═══ RECORDED DATA
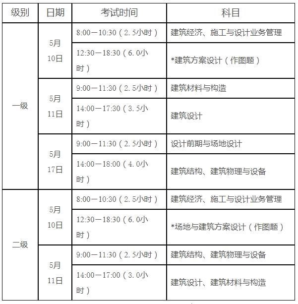 2025年度一级注册建筑师资格考试于5月10日、11日、17日举行,二级注册建筑师资格考试于5月10日、11日举行。具体科目考试时间安排见附件1。
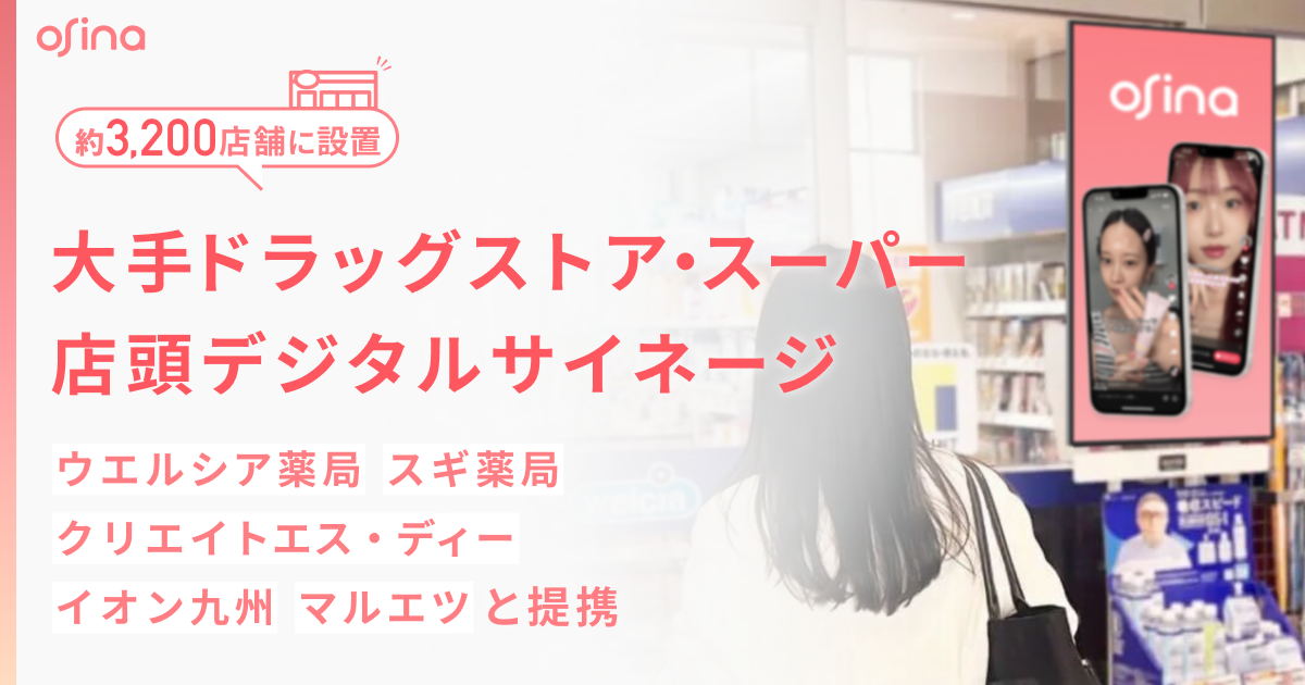 ブランドとお客様を“推し”でつなげるプラットフォーム「osina」の運営やSNSを活用したOMOマーケティング支援事業を提供するNEL株式会社(本社:東京都渋谷区、代表取締役社長:西田 陸)は、デジタルOOHアドネットワーク事業およびCMS開発・運用事業を行う株式会社MADS(本社:東京都渋谷区、代表取締役:穴原 誠一郎)と共同で、「osina」に投稿されたユーザーのコンテンツを大手ドラックストアやスーパー店頭の売場近辺で配信し、顧客へ直接的に購買を促進する、店頭デジタルサイネージの販売を開始します。
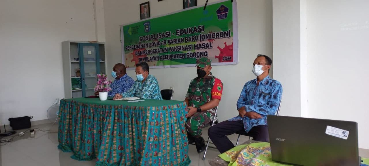 Bertempat di Aula Puskesmas Majaran Kelurahan Matawolot Distrik Salawati, Babinsa.Koramil 1802-03/Salawati. Serda Teguh Isdianton menghadiri undangan Sosialisasi dan Edukasi pencegahan Covid-19 Varian baru(Omicron) dan percepatan Vaksinasi Masal di wilayah Kabupaten Sorong. Jumat, (04/03/2022).
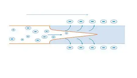 ![]() تغير توزع الشحنة في الليف عندما يجف الليف خلال مسيره |
══════
**TASK DIRECTIONS**
Output, exactly as written, only the lines from the beginning of the listing through the line containing "Bertempat di Aula", both included, and no pictures.

**EXERCISE RESPONSE**
 2025年度一级注册建筑师资格考试于5月10日、11日、17日举行,二级注册建筑师资格考试于5月10日、11日举行。具体科目考试时间安排见附件1。
 ブランドとお客様を“推し”でつなげるプラットフォーム「osina」の運営やSNSを活用したOMOマーケティング支援事業を提供するNEL株式会社(本社:東京都渋谷区、代表取締役社長:西田 陸)は、デジタルOOHアドネットワーク事業およびCMS開発・運用事業を行う株式会社MADS(本社:東京都渋谷区、代表取締役:穴原 誠一郎)と共同で、「osina」に投稿されたユーザーのコンテンツを大手ドラックストアやスーパー店頭の売場近辺で配信し、顧客へ直接的に購買を促進する、店頭デジタルサイネージの販売を開始します。
 Bertempat di Aula Puskesmas Majaran Kelurahan Matawolot Distrik Salawati, Babinsa.Koramil 1802-03/Salawati. Serda Teguh Isdianton menghadiri undangan Sosialisasi dan Edukasi pencegahan Covid-19 Varian baru(Omicron) dan percepatan Vaksinasi Masal di wilayah Kabupaten Sorong. Jumat, (04/03/2022).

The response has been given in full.